Kars’ta CHP’nin de adayı güçlü görünüyor. Bu arada, siyasi hayatına HADEP’ten başlayıp ANAP, AKP, CHP’yi gezmiş olan Naif Alibeyoğlu da DSP adayı olarak başka bir faktör. Alibeyoğlu’nun MHP’den çok HDP’yi hedef alması ilginç. Her gittiğimiz yerde, onun tarafından üretilmiş dedikodularla karşılaşıyoruz. “Bilgen kazandıktan sonra Kars’tan gidecek” ya da “HDP kazanırsa kayyum atanır” gibi laflar dolanıyor ortalıkta. Sabırla anlatıyor Bilgen ama yine de dedikodular sürekli kaynıyor. Tuhaf olan, bir adayın diğerini politikaları ve programı üzerinden eleştirmek yerine “bunun ömrü kısa” söylemini tercih etmesi. Bu doğal aslında, çünkü Bilgen ve Alaca’ya “yolsuzluk” gibi eleştiriler yöneltmek geçmişleri itibarıyla çok mümkün değil. Kentte alışveriş yaptığım HDP karşıtı birkaç esnaftan da HDP adayları hakkında kötü bir söz duymuyorum; itirazları oradan değil, HDP’nin genel imajından kaynaklanıyor.

SON HAFTA SENDROMU

Kars’ı tanıyan herkes, kentin aşırı politize bir kent olduğunu ve son ana kadar durumun netleşmeyeceğini söylüyor. Zaten öyle yüzde 50’ler filan yok burada. Kazanan yüzde 25’lerle de kazanabiliyor. O yüzden de birinci parti olmayı uman kolayca dördüncü parti olabiliyor. 2014 yerel seçimlerinde bölgeye geldiğimde HDP yine iddialıydı ve ben haberime “Karslılar çıldırmış olmalı!” diye başlık atmıştım ama dördüncü olmuşlardı. Yani, son ana kadar bekleme eğilimi avantaj da dezavantaj da olabiliyor. Şu andaki durumun farklılığı ise, son dakika eğiliminin HDP yararına işleme olasılığı.

HDP-MHP kümelenmesinde şu anda HDP önde gidiyor ve bu durum, oylarını daha da artırabilme ihtimalini içinde barındırıyor. İlk karşılaştığımızda Bilgen’e “Hayrola Hocam, klip işine girmişsin” diyorum; gülüyor.

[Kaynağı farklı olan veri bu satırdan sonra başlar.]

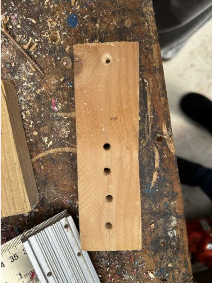
Taille de cet aperçu : 450 × 600 pixels. Fichier d'origine (3 024 × 4 032 pixels, taille du fichier : 2,96 Mio, type MIME : image/jpeg) Focalisation_IMG_3561
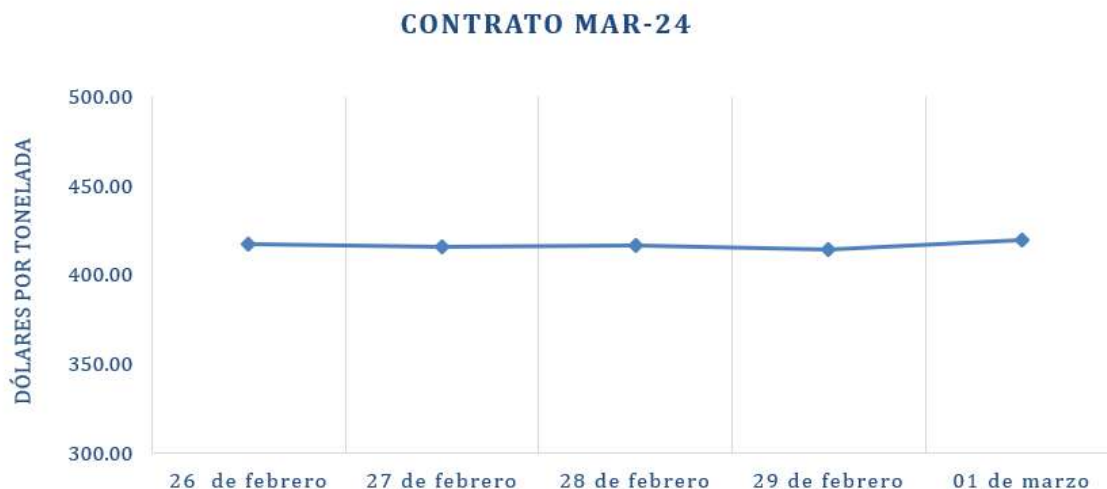
Figura 3. Comportamiento de precios de futuro de soya según contrato a Mar-24

Fuente: Planeamiento con datos del CME Group.
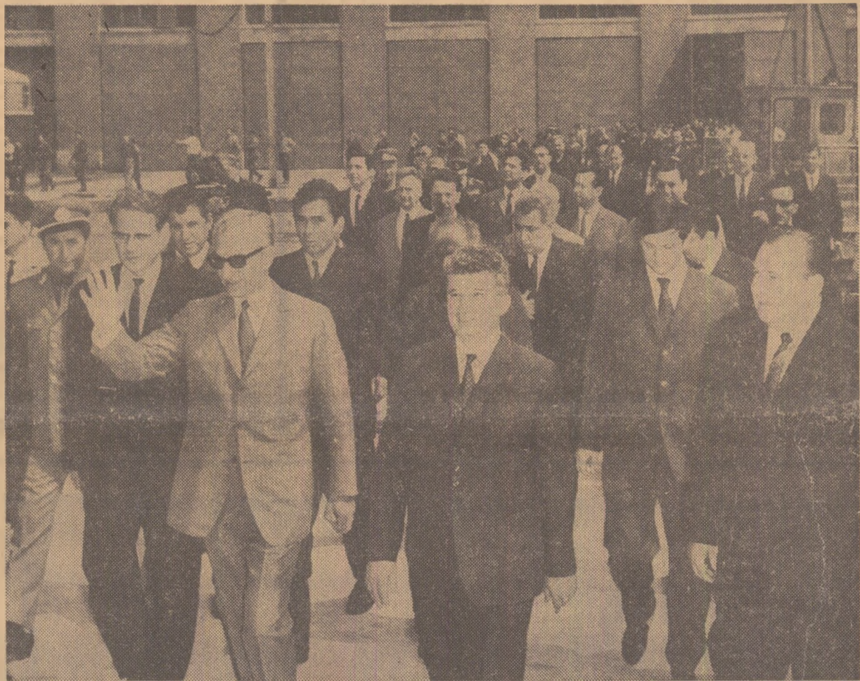
În timpul vizitei la uzina „Electroputere”

Între state cu orinduirii sociale diferite.
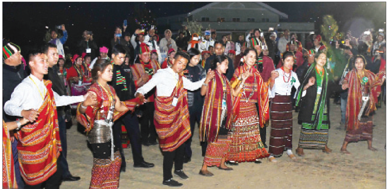
နိုင်ငံတော်၏အတိုင်ပင်ခံပုဂ္ဂိုလ် ဒေါ်အောင်ဆန်းစုကြည် (၇၂)နှစ်မြောက် ချင်းအမျိုးသားနေ့အကြိုညာမီးပုံပွဲတွင် ပါဝင်ဆင်နွှဲစဉ်။
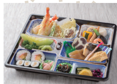
No.27 会席折詰 あやめ 4,000円(税別)
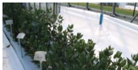
光を反射するマルチ
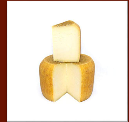
Pecorino semistagionato nature
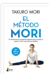
METODO MORI, EL MORI, TAKURO
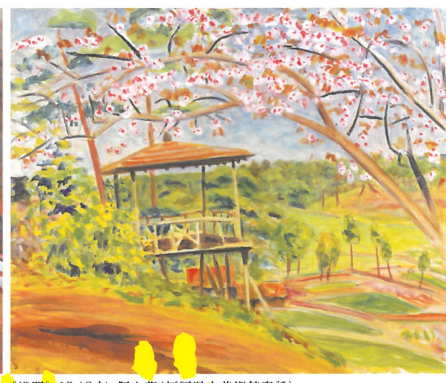
《満開》1948年 個人蔵(福岡県立美術館寄託)
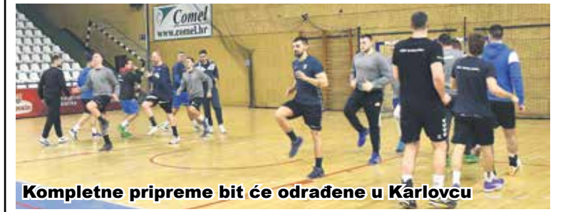
Kompletne pripreme bit će odradene u Karlovcu
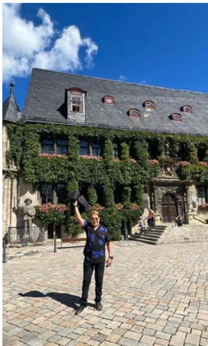
COMEÇANDO a despedir desta viagem fantástica com temporada de 20 dias percorrendo o leste da Europa.
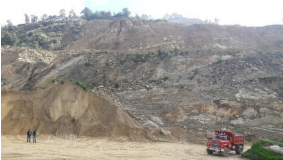
Área de ejecución de trabajos.

El área de influencia en la cual se ejecutan las obras o trabajos de restauración está localizada en la parte central de la cantera (Figura 1). Es de resaltar que, entre el borde de la zona propiamente dicha de la cantera y los vecinos más próximos, existen terrenos de los mismos propietarios, lo cual permite un aislamiento entre el sitio de trabajo y los vecinos más próximos.
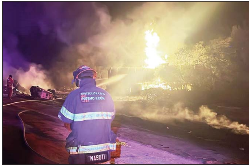
Los hechos se registraron en Montemorelos.

El accidente fue reportado a las 17:45 horas a la altura del kilómetro 199, en la mencionada carretera federal situada al del estado.
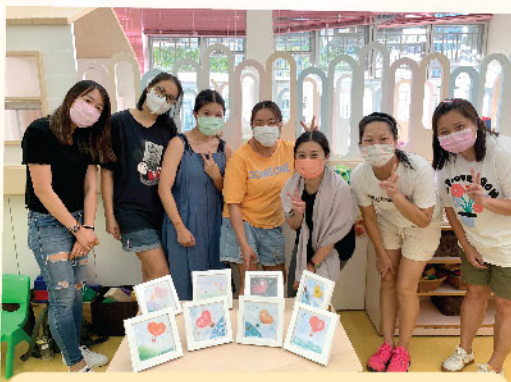
家長體驗和諧粉彩活動，學習專注當下，慢活心靈，輕易栽種平靜之花

生活總遇上大小不同的挑戰，如能在每個人的心田栽種希望和愛的花朵，成為自己或與人彼此祝福，挑戰應可輕易變成學習。本會的幼稚園駐校社工以不同的手法為孩子和父母栽種希望，培育愛己愛人的花朵或花田：
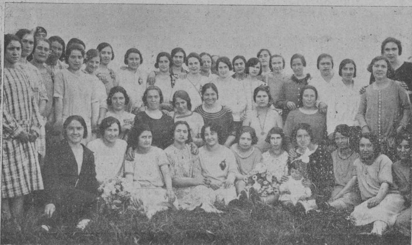
GRUPO DE ENCANTADORAS JOVENES QUE ASISTIERON DIAS PASADOS A LA ANIMADA ROMERIA CELEBRADA EN CAYON

Hemos tenido mucho gusto en acudir a nuestro querido amigo don Pe-
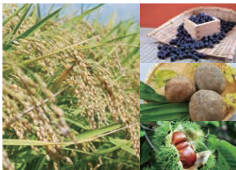
安全・安心なブランド農畜産物を提供しています

農協は「相互扶助」の精神のもとに、組合員の農業経営と生活を守り、地域のみなさまとともによりよい暮らしを築くことを目的とした協同組合です。営農、生活アドバイザーとしての指導や事業、JAバンクの信用事業、生命と財産を守る共済(保険)事業、生産・生活資材を共同購入する購買事業、農畜産物の販売事業、農機具・自動車販売の経済事業、地域に貢献する利用事業、介護サービスを行う高齢者福祉事業、資産管理事業等を実施し、豊かな地域社会の実現に取り組んでいます。
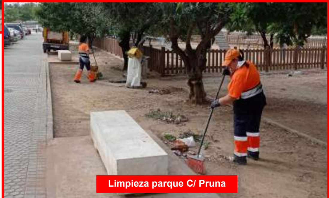
Limpieza parque C/ Pruna
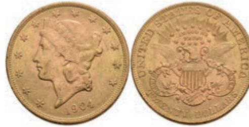
670 20 Dollars, Gold, 1904, Philadelphia, Fb. 177, ss-vz. 1300,—
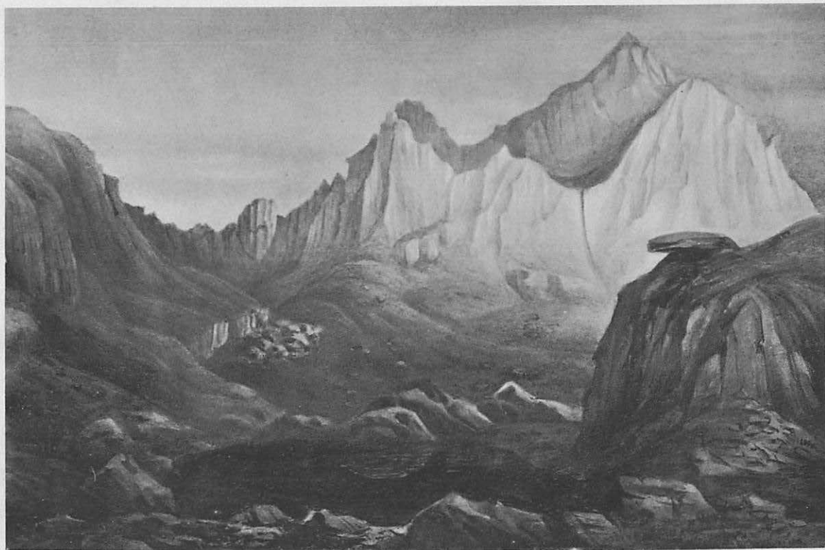
Die Negoi-Spitze von der Südwest-Seite.
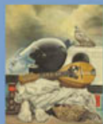
Μοτοσυκλετιστής, Λάδι, 1984

..... Σε αυτήν την ομάδα έργων ο Γκλίνος αποτυπώνει τους προβληματισμούς του για τον κόσμο που μας περιβάλλει.
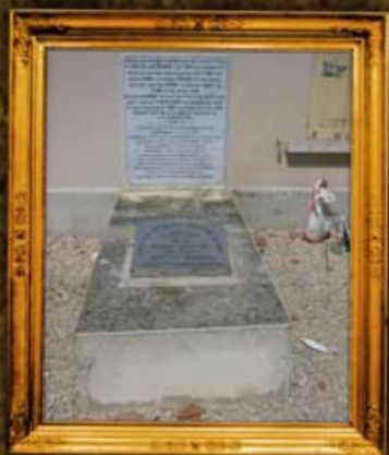
רמורפט - צרפת: רבינו תם, ר"י הזקן, רש"ם ועוד
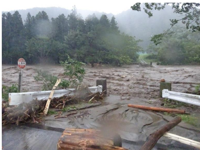
鵜住居川の氾濫により流出した市道上栗林橋(8月30日時点)

なお、道路の通行規制状況等の情報については、岩手県道路情報提供サービス ( http://www.douro.com/ ) でご覧いただくことができます。
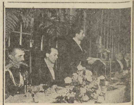
تیمار سپید بزبان بنا و آقای آن سفیر کبیر سابق آمریکا در ایران در دست راست اعلیحضرت همایونی دیده میشوند

از فرودگاه مستر ترورمن ریاست جمهوری آمریکا خیر مقدم اظهار کردند و اعلیحضرت همایونی نیز در پاسخ ایشان بیانانی در باره روابط دو کشور ایراد نمودند که در زیر متن اظهارات زمامداران دو کشور چاپ میشود. اعلیحضرت: بسیار خوشوقتم که بتاسبت نخستین مسافرتتان بختاک آمریکا خیر مقدم بکنیم. من مسافرت اعلیحضرت همایونی را بشکور آمریکا با مسرت تلقی نموده و اطمینان دارم که در مدت توقف در این کشور می توانید اطلاعات کامل از کشور مان تحصیل نمایند. همچنین اطمینان دارم که ما میتوانیم در مدت توقف اعلیحضرت همایونی در آمریکا اطلاعات کاملی از وضع ایران و عظمت تاریخ و فرهنگ کشور ایران و مسائلی که آن اعلیحضرت در دنیای جدید با آن مواجه شده اند، به دست آوریم.
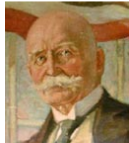
R IV, von Zeppelin
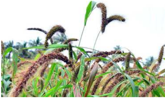
Harvest time: Foxtail millets ready to be harvested at a farm at Thoopanaickenpatti in Dindigul district. G. KARTHIKEYAN

The study was conducted by the Madras Diabetes
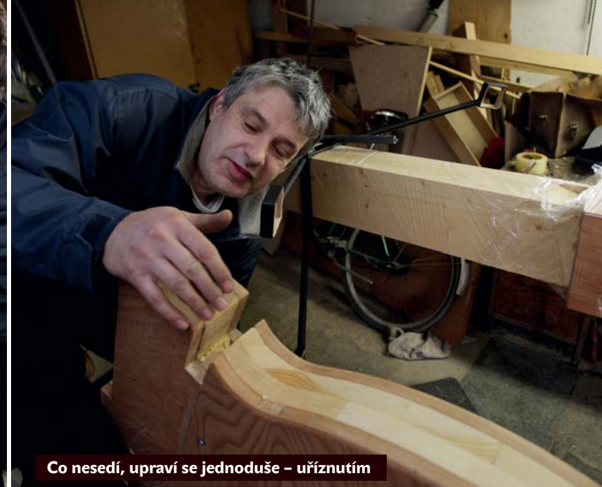
Co nesedí, upraví se jednoduše – uříznutím
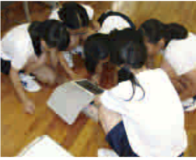
タブレットPCを使った学習
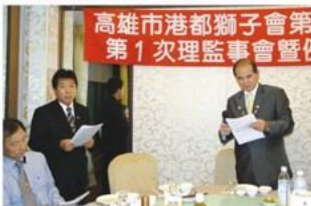
7月17日假真實海鮮餐廳舉行第26屆第一次理監事暨例會。
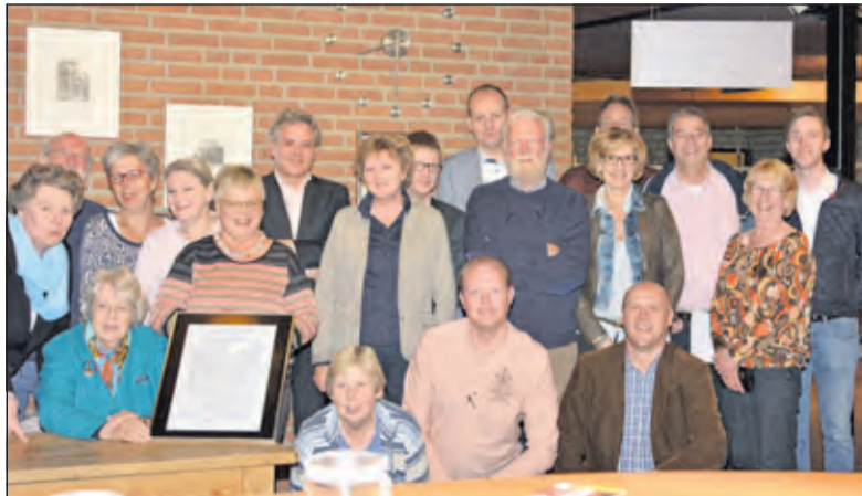
De avond straalde een grote onderlinge verbondenheid uit.

In een verklaring van de korfbalverenigingen TZ en DOS wordt gezegd, dat hun uitgangspunt is dat er een accommodatie moet komen die voor beide verenigingen 'zowel in kwalitatieve als kwantitatieve zin voldoet en bovenal ook betaalbaar is en blijft'. Beide verenigingen vinden
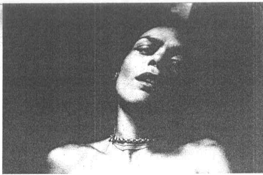
Alex Majoli Magnum Photos «Italy, Cesura», 2005
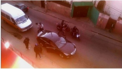
Photo prise à partir d'une fenêtre de la villa Pradon
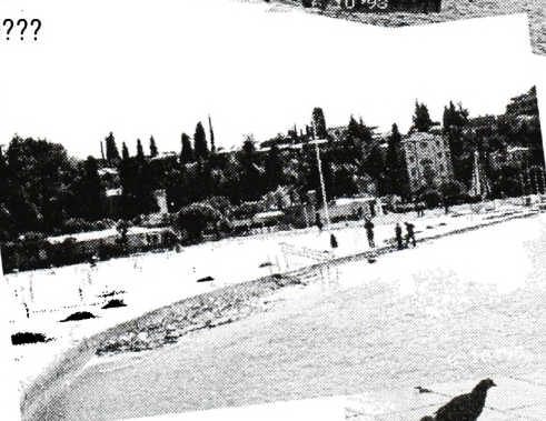
Plažo tudi čistijo...

Aşık Mahsuni’nin “Dertli Mahkum” deyişine yeni sözler yazmış Bilgen ve şöyle diyor nakaratında: “Yorulduk yoruldum hal bilmezem / Serhat’ım dibe battı / Dirildik dirildik yeniden geldik seni dostumuz bildik!”

Kim dirilir, kim ölür şimdiden bilinmez ama bir şey kesin en azından: 31 Mart gecesi Kars için çok heyecanlı olacak!

ÖNCE AHLAKİ TEMİZLİK

Bilgen, her konuştuğu yerde büyük projelerden değil, bir zaman sıralamasından söz ediyor. 6 ay içerisinde önce belediyedeki çeteleşmeyi ve çalma çırpma işlerini halledeceklerini söylüyor. Borç içinde yüzen hacizli belediyenin esnafa olan borcunu ödeyeceklerini ama sahte, karşılığı olmayan ‘naylon’ borçları ödemeyeceklerini ve soruşturma açacaklarını söylüyor. Gerçekten de görüldüğü kadarıyla Kars, şu anda ‘çılgın projeler’den çok, dürüst bir ele ihtiyaç duyuyor.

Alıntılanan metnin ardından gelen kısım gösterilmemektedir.